In online contexts, several researchers have pointed out that there are some key differences in how users interact online that may affect levels of empathy. For example, communication in online forum communities interact asynchronously, and are generally text-based rather than verbal communications. Establishment of trust in online communities may also operate differently in online environments. Furthermore, communications related interactions with others online might facilitate empathy while video or online gaming might negatively affect empathy.

== Enablers ==
- Anonymity — The anonymous nature of many online communities can allow individuals to feel more comfortable disclosing more personal information, which in turn can increase feelings of trust, connectedness and empathy.
- Shared interests — Because empathy tends to be strongest among those that share common experiences, the presence of niche online communities can set the stage for higher levels of empathy among members.

== Barriers ==
- Ambiguity, because asynchronous, text-mediated online conversations lack the richness of interaction and cues that face-to-face interaction provides, online communication tends to be much more ambiguous. This ambiguity may decrease members' abilities to find similarities in one another. In both online and offline interactions, increased perceived similarity is associated with increased empathy.

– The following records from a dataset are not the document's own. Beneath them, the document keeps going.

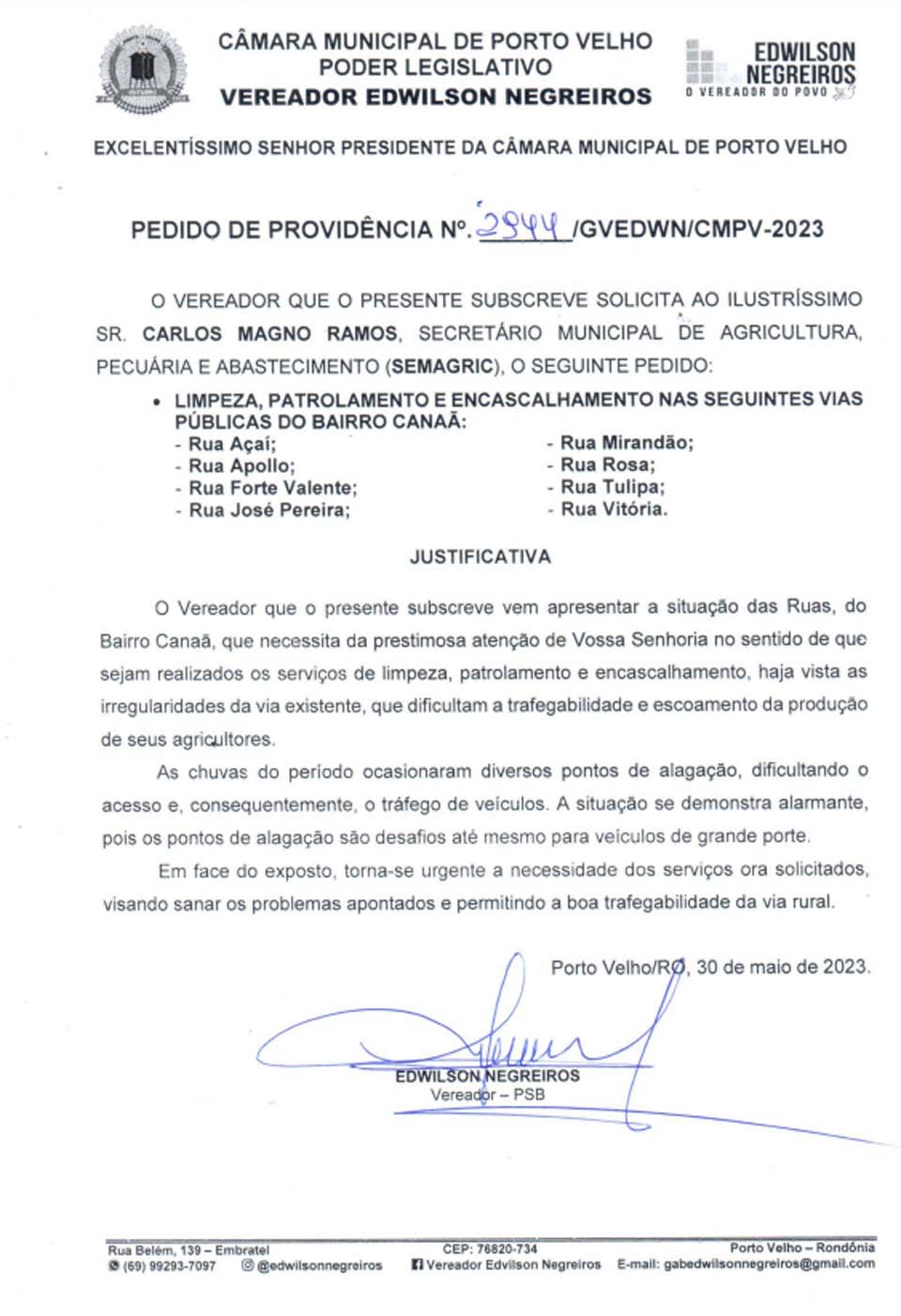 Porto Velho, RO – O vereador Edwilson Negreiros, do PSB, encaminhou um Pedido de Providência à Secretaria Municipal de Agricultura, Pecuária e Abastecimento (SEMAGRIC), sob comando do titular Carlos Magno Ramos, solicitando intervenção e serviços de limpeza, patrolamento e encascalhamento em oito ruas do Bairro Canaã, em Porto Velho. O pedido foi feito devido às irregularidades nas vias, que estavam dificultando a trafegabilidade e o escoamento da produção agrícola local.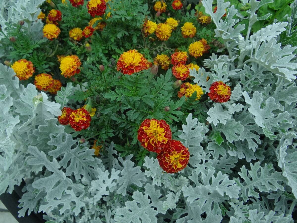 Цинерария серебристая с бархатцами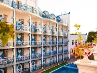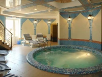 • Бассейн открытый расположен во внутреннем дворике отеля, водопад, противоток, гейзер, гидромассажная ложа. Барная стойка находится прямо в бассейне. Вокруг бассейна расположена зона отдыха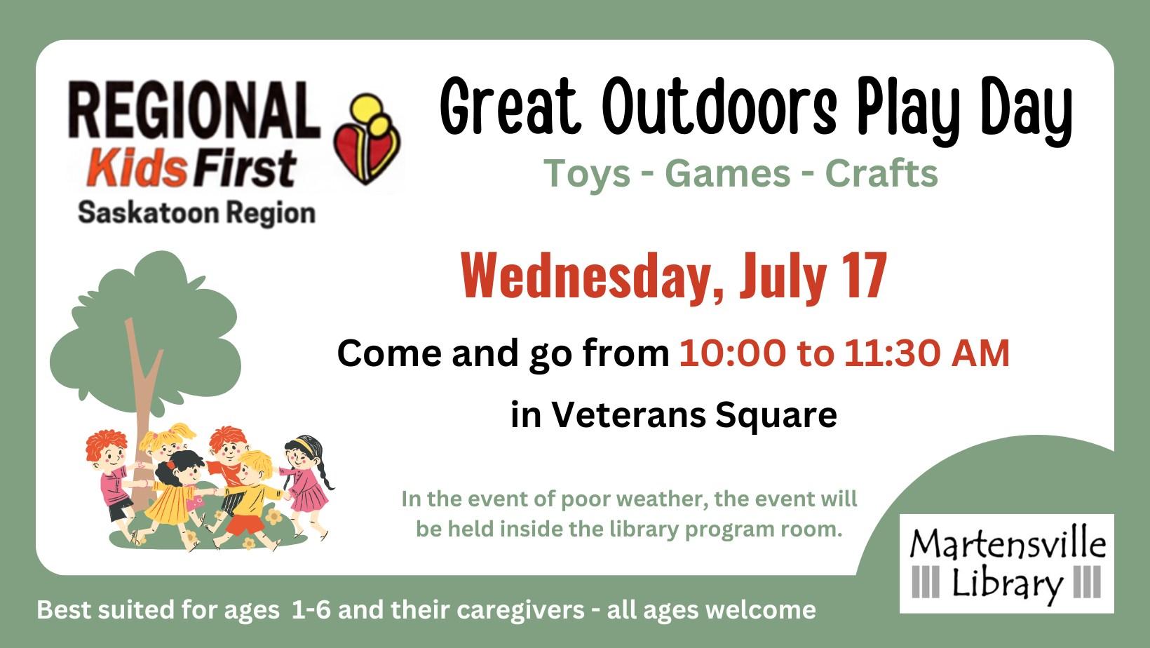 Join us on the Wheatland Storybook Trail in Veterans Square. Walk the square and read the story panels. (Veterans Square is located just out the West doors of the Martensville Civic Centre.)

- Cyberbullying is any bullying that takes place using electronic media. Studies have suggested that individuals who are bystanders, that is, witnessing someone bullying someone else, are less likely to intervene in online contexts.
- Internet trolling is "the practice of behaving in a deceptive, destructive, or disruptive manner in a social setting on the Internet with no apparent instrumental purpose." Although empirical research on trolling is limited, studies have suggested that internet trolling may be a space occupied by already-sadistic individuals who can easily disrupt conversations and communities.